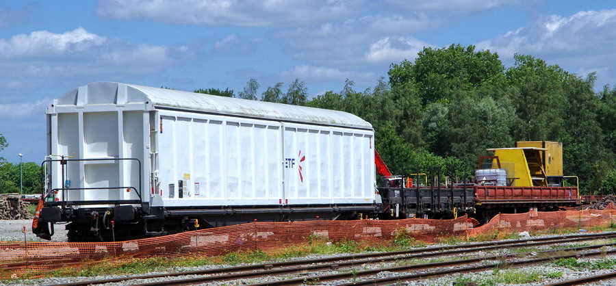 le wagon Couvert - 33 87 275 0 341-3 - ETF sur le site de travaux de la gare de Laon le 22-06-2018
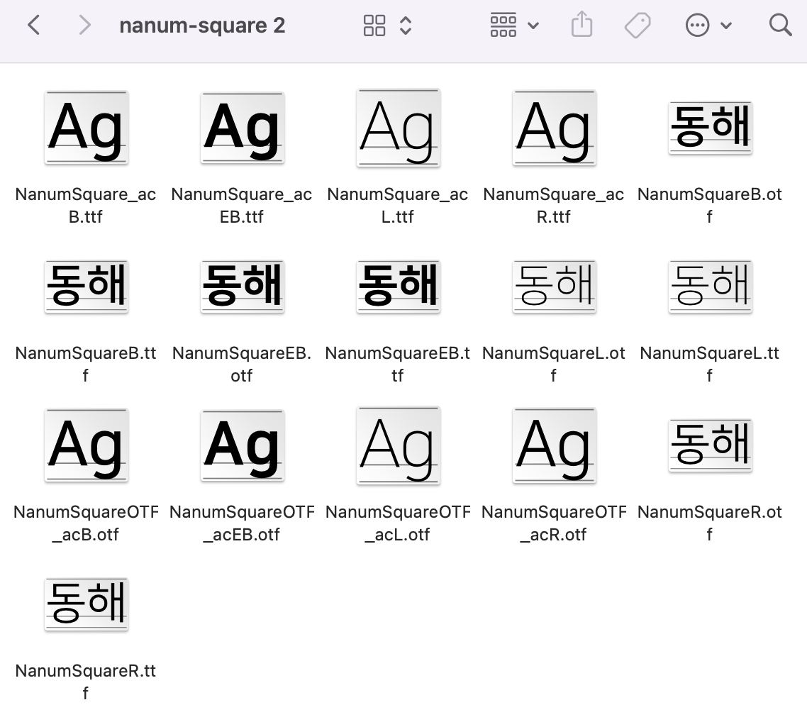 다운로드 후 파일을 확인하면 ttf 파일과 otf 파일 등 여러개의 파일을 확인할 수 있습니다.
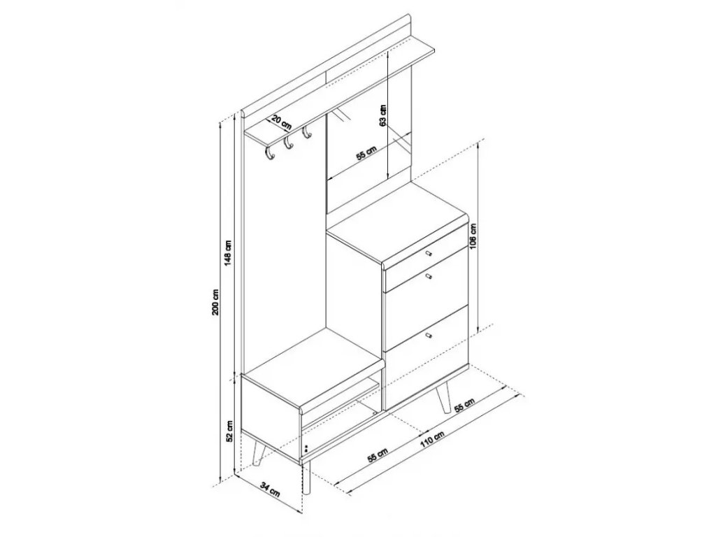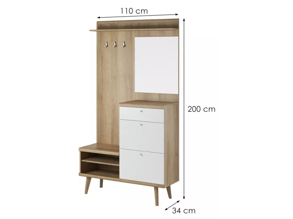 Předsíňová stěna: 110 x 200 x 34 cm
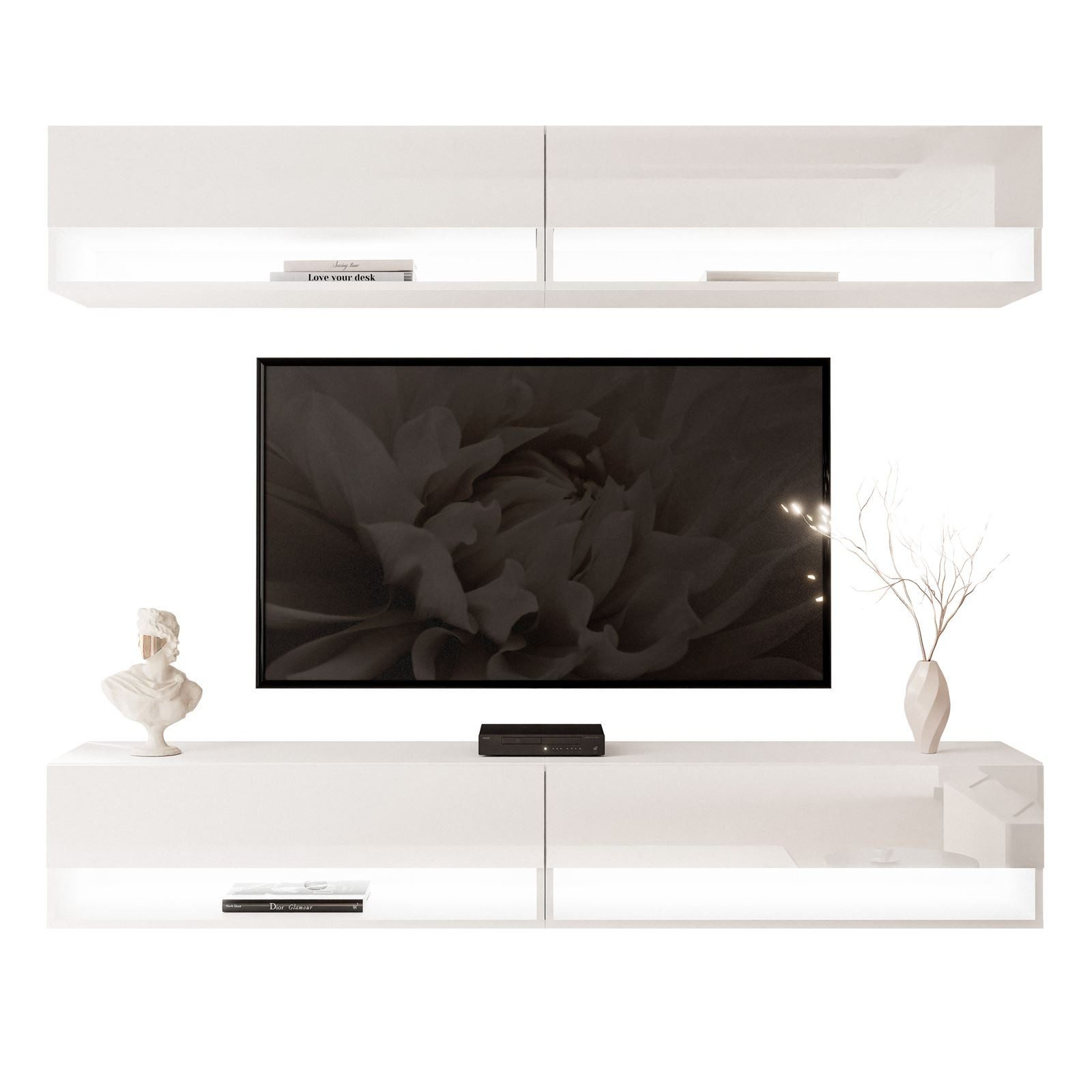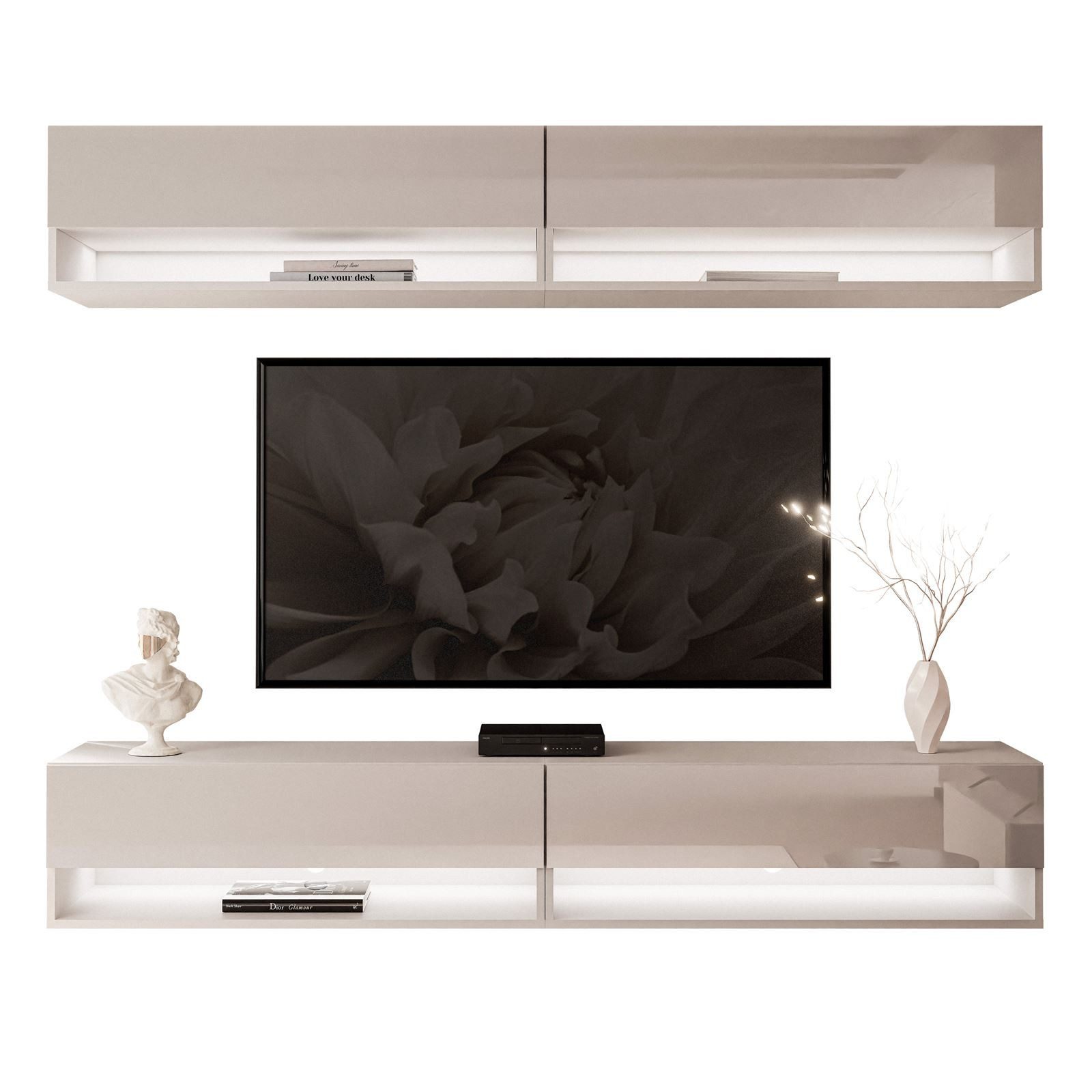 Fügen Sie Ihrem Interieur einen modernen Akzent hinzu, mit unserer stilvollen hängende Wohnwand, die in drei eleganten Farben erhältlich ist:

┄┄┄┄┄┄┄┄┄┄

**WHAT THIS TASK INVOLVES**: Retype nothing except the lines from the first line of the listing above through the line with "Předsíňová stěna: 110 x 200 x 34 cm", exactly as they stand, and no pictures.

**EXERCISE RESPONSE**:
 le wagon Couvert - 33 87 275 0 341-3 - ETF sur le site de travaux de la gare de Laon le 22-06-2018
 다운로드 후 파일을 확인하면 ttf 파일과 otf 파일 등 여러개의 파일을 확인할 수 있습니다.
 Předsíňová stěna: 110 x 200 x 34 cm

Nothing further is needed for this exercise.